Por que não aconteceu algo parecido no mundo islâmico? Por que essa civilização,
que brotou com tanta abundância de energia no século VII da nossa era, e que se
espalhou pelo norte da África e pelo Oriente Médio produzindo cidades,
universidades, bibliotecas, e uma florescente cultura cortês que deixou uma
marca permanente no mundo, hoje é, em tantos lugares, muda, violenta,
ressentida? Por que o islã hoje parece não apenas tolerar a violência de seus
defensores mais enérgicos, mas também endossá-la e pregá-la? Por que as
minorias muçulmanas na Europa, que emigram para gozar dos benefícios de uma
jurisdição secular, pedem outro tipo de lei, ainda que tão poucas delas pareçam
concordar com o que essa lei diz ou com quem tem o direito de promulgá-la?

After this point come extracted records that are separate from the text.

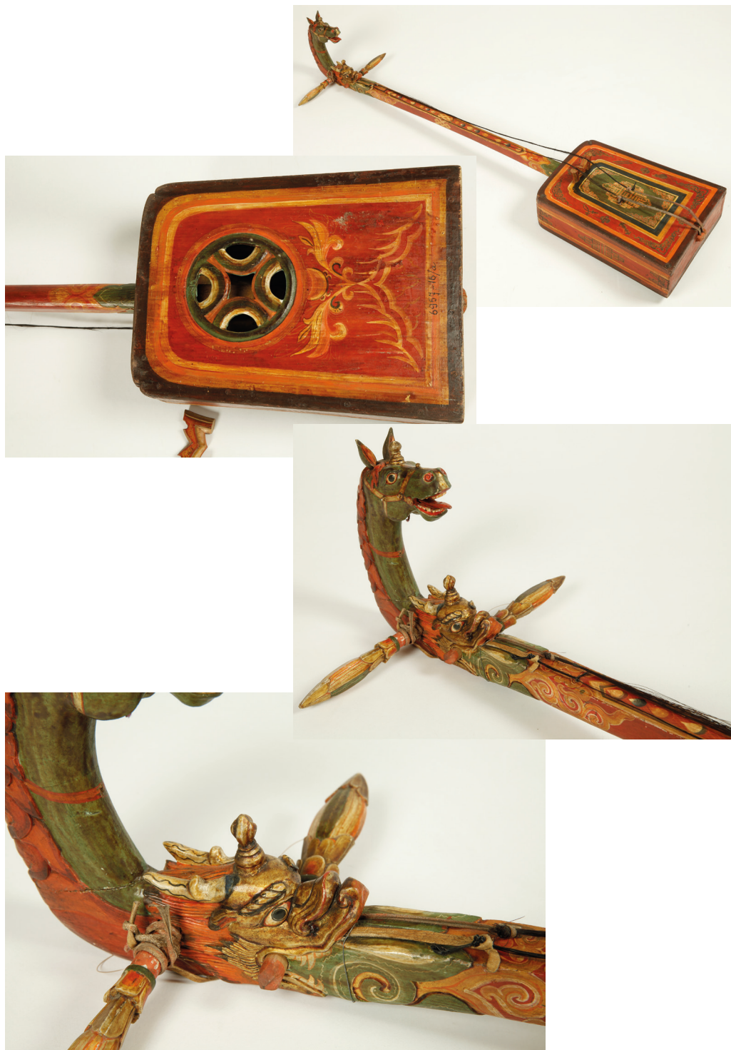
Fig. 13, 14, 15, 16. Khuur . Mongols. RME, inv. № 6957–16/ab
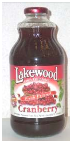
LAKWOOD CRANBERRY 100% FRUIT JUICE
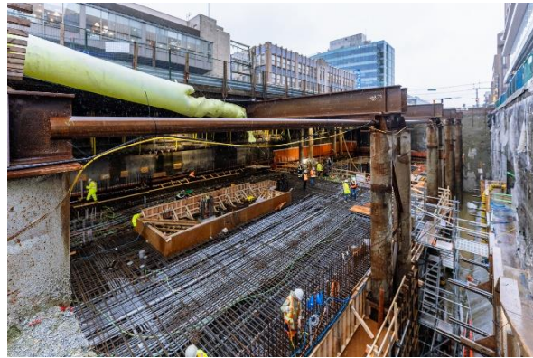
Figure 6: South Granville Station: Progressing with rebar installation for the concourse-level floor in the station box.
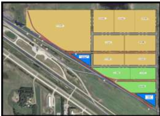
FDL has 130 acres in our Industrial Park available for your development.
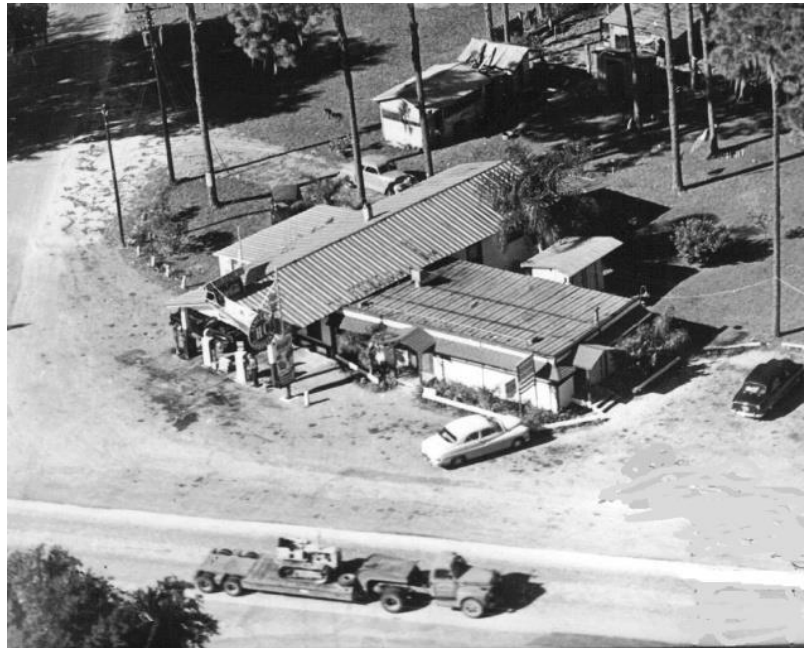
Bowman's Trilacoochee Restaurant
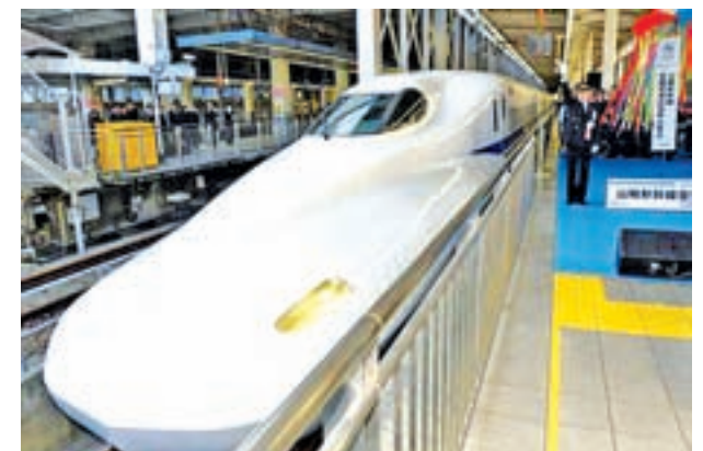
A Shinkansen bullet train departs JR Hakata station in Fukuoka Prefecture, southwestern Japan, on 10 March, 2015, during a ceremony to commemorate the 40th anniversary of the opening of the extended Sanyo Shinkansen Line. —KYODO NEWS

Insurance Australia Group (IAG.AX) is facing 3,500 claims totalling up to A$90 million ($70 million), although the state's mining and agricultural sectors suffered little damage. —Reuters
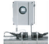
CLAMP-ON FLOW METER
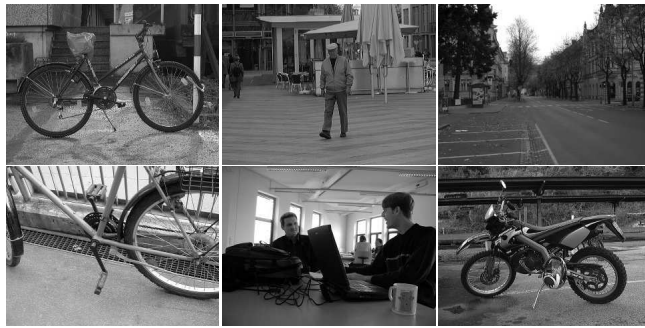
Fig. 4 Some examples of bikes (left column), persons (middle) and background (right) taken from Graz-01. Only parts of the objects of interest may be visible, and the background class features difficult counter-examples to the bike class, such as motorbikes
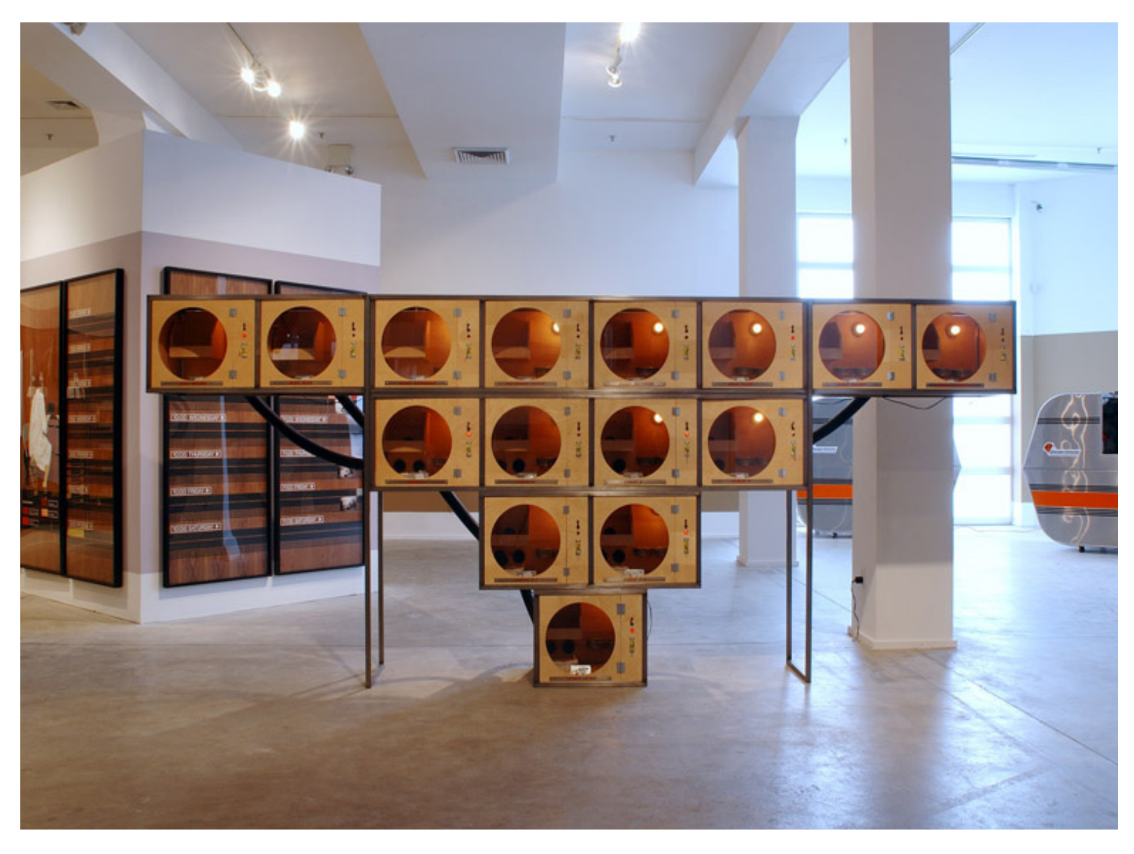
A-Z Breeding Unit ofr Averaging Eight Breeds, 1993, steel, glass, wood, wool, lightbulbs and electric wiring, 72 by 171 by 18 inches; at the New Museum. Museum of Contemporary Art, Los Angeles.

ject, conducting experiments on her own life. One of her first functional domestic environments, A-Z Management and Maintenance Unit, Model 003 (1992) was fitted to her 200-square-foot apartment in Brooklyn. In a configuration familiar to space-challenged New Yorkers, it combines a sink, storage space, a cooking and dining area and sleeping loft in a compact, roughly 7-by-8-by-6-foot space. By 1994 Zittel had moved to larger quarters in Brooklyn (which would become known as A-Z East after her relocation to Joshua Tree in 2000), where she was able to spread out and set up a "personal presentation room" and a "testing ground" to further develop her living solutions.
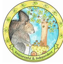
Speedwell the Squirrel
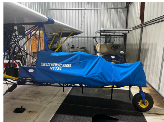
Breezy RLU-1 Forward Fuselage Enclosure
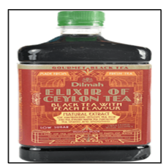
Elixir of Ceylon Tea Black Tea with Peach
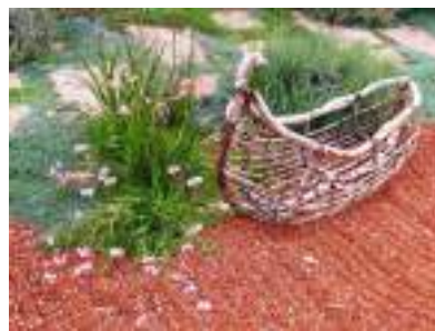
Etre, Spring opening, Willunga

Open Gardens South Australia is a not for profit organisation opening private gardens to the general public.
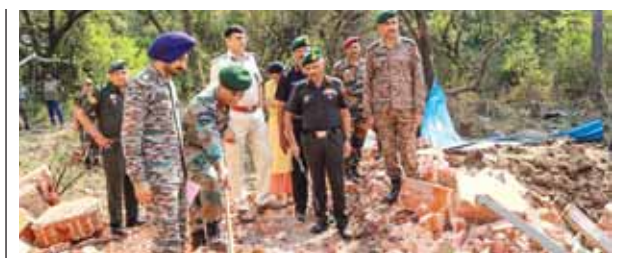
Officials at the blast site of Ordnance Factory Jabalpur (OFJ), in Jabalpur district, Madhya Pradesh, Tuesday

Jagdambika Pal of the Bharatiya Janata Party (BJP), during a heated exchange of words with BJP's Abhijit Gangopadhyay, a former Calcutta High Court judge. This is the second time Banerjee has made news for odd reasons, the last time he had mimicked a presiding officer of the Parliament. The act was condemned by the President of India, Prime Minister and his Cabinet colleagues. According to sources, the panel voted nine-eight on a resolution moved by BJP MP Nishikant Dubey to suspend Banerjee for a day for his choice of words for the panel chairman, and for smashing a glass bottle and throwing it towards Pal. After the meeting concluded, Banerjee refused to talk to reporters about the incident. After being administered first aid, Banerjee was seen being escorted back to the meeting room by AIMIM chief Asaduddin Owaisi and AAP leader Sanjay Singh. Continued on page 2
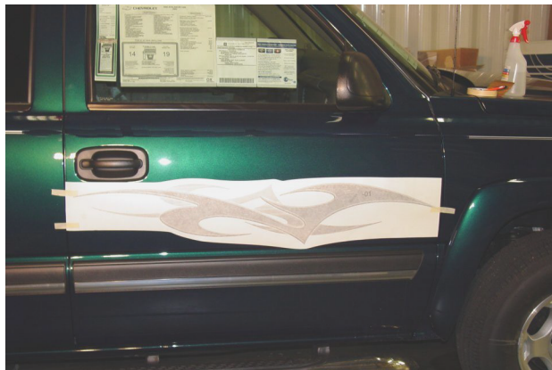
1. Tape the graphic onto the side of vehicle to determine exactly where you want the graphic installed.
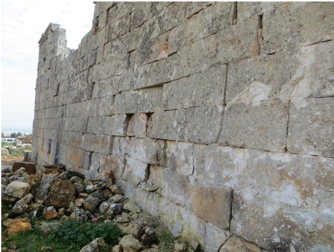
Damage caused by previous attacks from Syrian regime bombing in 2013.
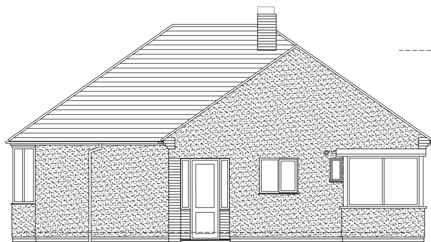
SIDE ELEVATION (east)

Vários fatores são responsáveis por essa súbita ossificação, mas o principal, na
visão de Reilly, foram a ascensão da seita asharita, no século X, e a derrota da
seita rival, a mutazalita. Os asharitas encontraram uma voz potente no imame al-
Ghazali (†1111), filósofo e teólogo brilhante, cujo espírito atormentado, enfim,
encontrou refúgio em uma unidade mística com Alá. A razão humana nos ensina
a questionar as coisas, a descobrir as coisas, e a fazer leis para nos governarmos
melhor. Por isso, a razão era – para al-Ghazali – inimiga do islã, que exige uma
submissão absoluta e sem questionamentos à vontade de Alá. Em seu celebrado
tratado A Incoerência dos Filósofos, al-Ghazali propôs-se a mostrar que a razão,
como reverenciada nos textos de Platão, de Aristóteles (384-322 a.C.), e de seus
seguidores, não leva a nada além de trevas e de contradições, e que a única luz
que brilha na mente do homem é a luz da revelação. Apesar de os argumentos de
al-Ghazali serem perfeitamente refutados por Averróis (1126-1198) – também
conhecido como Ibn Rushd – em seu A Incoerência da Incoerência, o islã
apressou-se em abraçar a doutrina asharita, que tornava a ideia de submissão
muito mais compreensível. Averróis foi mandado da Andaluzia para o exílio, e a
voz da razão deixou de ser ouvida nas cortes dos príncipes muçulmanos sunitas.
O resultado do embate dentro do islã hoje terá grandes consequências para todos
nós. Ao nos ajudar a entender esse embate, este livro serve a um propósito pelo
qual todos devemos ficar profundamente gratos.